** INPUT DATA follows **

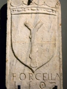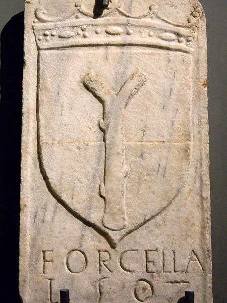 Le origini del nome del quartiere oggi conosciuto come Forcella, non è ancora chiaro, dal libro “I sedili di Napoli” di Luigi de Lutio di Catelguidone, vengono esaminati i sedili della città, analogamente detti stemmi (2); dal testo si evince che i seggi maggiori della città fossero il seggio di Capuano ed il seggio di Forcella, quest’ultimo risalente al XIII secolo era costituito da uno scudo troncato d’oro e di rosso con al centro una Y in nero. Successivamente il seggio di Forcella venne incorporato dal sedile di Montagna, ma in piazza san Lorenzo Maggiore il simbolo a Y di Forcella si può ancora intravedere.
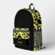 Mochila impresa en un monograma moderno con un diseño personalizado sobre un fondo de piel de animal negro y amarillo impreso para un aspecto profesional limpio. ¡Puedes hacerlo más personalizado subiendo tu propio logo, imagen o motivo! El nombre de monograma personalizado en la tipografía de bloques modernos de oro puede ser reemplazado por su propio nombre o texto personalizado. ¡El regalo o accesorio perfecto!
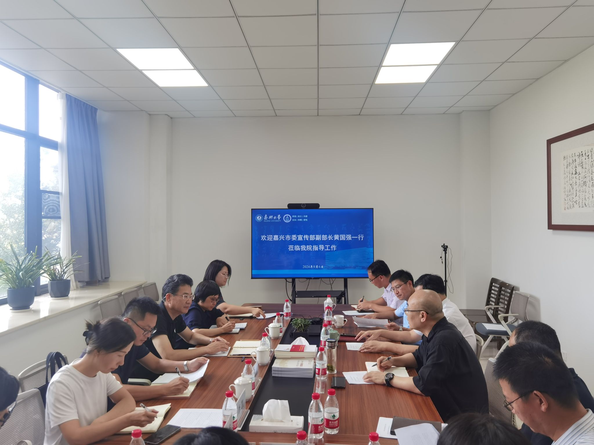 9月6日下午,嘉兴市委宣传部副部长、市社科联主席黄国强一行到访老虎机 调研交流。会议由老虎机 党委书记童建华主持,老虎机 原党委副书记、中国历代绘画大系研究中心主任吴云达,老虎机 发展规划处副处长张猛,老虎机 学术院长石贤平及老虎机 部分骨干教师参加了座谈。
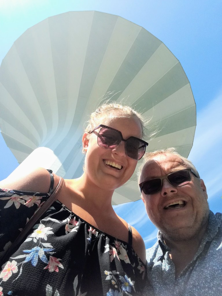 Hotel frukost ute solen med slottet, ån och Frimis som utsikt. Lite lugnt förmiddagshäng på rummet sen en sväng upp på svampen för att kolla hjälmaren (de kanske borde byta till Hjalmaren?) , hela stan och upptäcka att skybaren tyvärr inte var öppen en tisdagkväll.
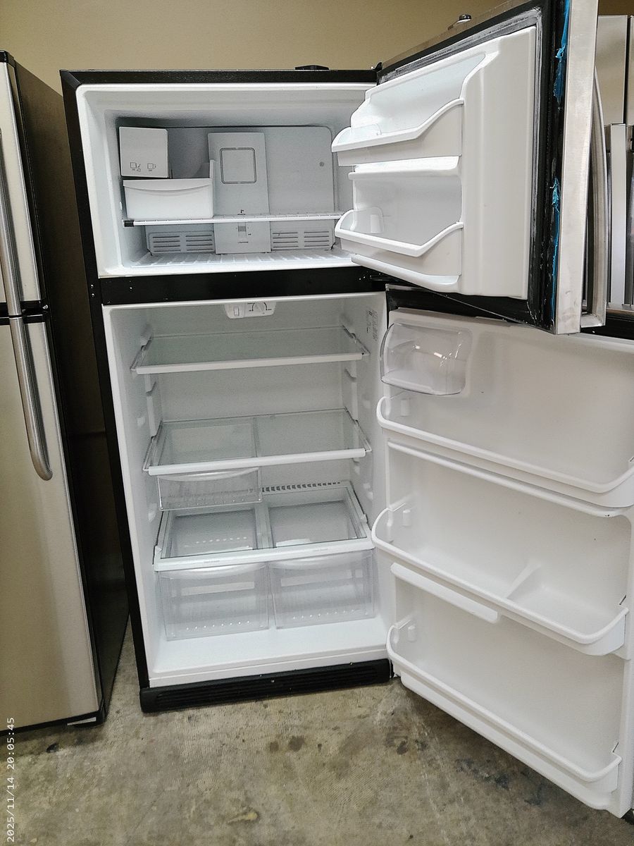 Frigidaire 18 cubic foot refrigerator in excellent working condition. Tested, cleaned, ready to go. Ice maker has not been tested, can be removed.
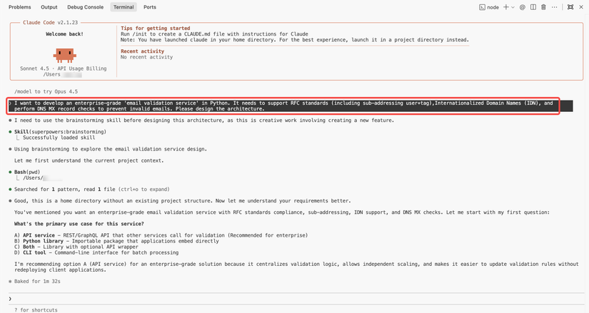 Khi đưa ra yêu cầu, Superpowers sẽ tự động kích hoạt /brainstorm. Nó không trả lời kiểu "Ok, tôi viết code ngay đây!" đâu.
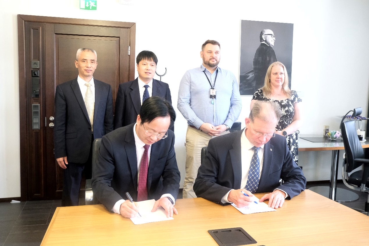 5月27日,金华职业技术学院与芬兰东南应用科技大学续约合作框架协议仪式在芬兰举行。续约仪式上,王振洪、赫伊基•萨斯塔莫宁分别致辞,回顾了20年来双方合作所取得的成果,并就今后的合作进行了深入交流和探讨。双方经过磋商签署了《金华职业技术学院与芬兰东南应用科技大学学术科研合作协议》。本次活动标志着两校合作翻开了新篇章,未来双方将进一步深化在教学、科研、学生等多方面的交流与合作,共同探索教师短中期进修、跨国科研合作、学生双学位授予等一系列多元化合作,从而促进中芬人文交流往来,为推动构建人类命运共同体贡献力量。
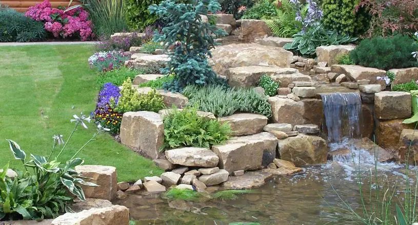 噴泉、溪流、池塘等水景元素常常依賴石材來塑造自然邊界,同時減少水土流失,使水景更加穩定。

** End of INPUT DATA **

Every entry above should be restated word for word, with the images left out.

● ANSWER TO THE PROBLEM
 Le origini del nome del quartiere oggi conosciuto come Forcella, non è ancora chiaro, dal libro “I sedili di Napoli” di Luigi de Lutio di Catelguidone, vengono esaminati i sedili della città, analogamente detti stemmi (2); dal testo si evince che i seggi maggiori della città fossero il seggio di Capuano ed il seggio di Forcella, quest’ultimo risalente al XIII secolo era costituito da uno scudo troncato d’oro e di rosso con al centro una Y in nero. Successivamente il seggio di Forcella venne incorporato dal sedile di Montagna, ma in piazza san Lorenzo Maggiore il simbolo a Y di Forcella si può ancora intravedere.
 Mochila impresa en un monograma moderno con un diseño personalizado sobre un fondo de piel de animal negro y amarillo impreso para un aspecto profesional limpio. ¡Puedes hacerlo más personalizado subiendo tu propio logo, imagen o motivo! El nombre de monograma personalizado en la tipografía de bloques modernos de oro puede ser reemplazado por su propio nombre o texto personalizado. ¡El regalo o accesorio perfecto!
 9月6日下午,嘉兴市委宣传部副部长、市社科联主席黄国强一行到访老虎机 调研交流。会议由老虎机 党委书记童建华主持,老虎机 原党委副书记、中国历代绘画大系研究中心主任吴云达,老虎机 发展规划处副处长张猛,老虎机 学术院长石贤平及老虎机 部分骨干教师参加了座谈。
 Hotel frukost ute solen med slottet, ån och Frimis som utsikt. Lite lugnt förmiddagshäng på rummet sen en sväng upp på svampen för att kolla hjälmaren (de kanske borde byta till Hjalmaren?) , hela stan och upptäcka att skybaren tyvärr inte var öppen en tisdagkväll.
 Frigidaire 18 cubic foot refrigerator in excellent working condition. Tested, cleaned, ready to go. Ice maker has not been tested, can be removed.
 Khi đưa ra yêu cầu, Superpowers sẽ tự động kích hoạt /brainstorm. Nó không trả lời kiểu "Ok, tôi viết code ngay đây!" đâu.
 5月27日,金华职业技术学院与芬兰东南应用科技大学续约合作框架协议仪式在芬兰举行。续约仪式上,王振洪、赫伊基•萨斯塔莫宁分别致辞,回顾了20年来双方合作所取得的成果,并就今后的合作进行了深入交流和探讨。双方经过磋商签署了《金华职业技术学院与芬兰东南应用科技大学学术科研合作协议》。本次活动标志着两校合作翻开了新篇章,未来双方将进一步深化在教学、科研、学生等多方面的交流与合作,共同探索教师短中期进修、跨国科研合作、学生双学位授予等一系列多元化合作,从而促进中芬人文交流往来,为推动构建人类命运共同体贡献力量。
 噴泉、溪流、池塘等水景元素常常依賴石材來塑造自然邊界,同時減少水土流失,使水景更加穩定。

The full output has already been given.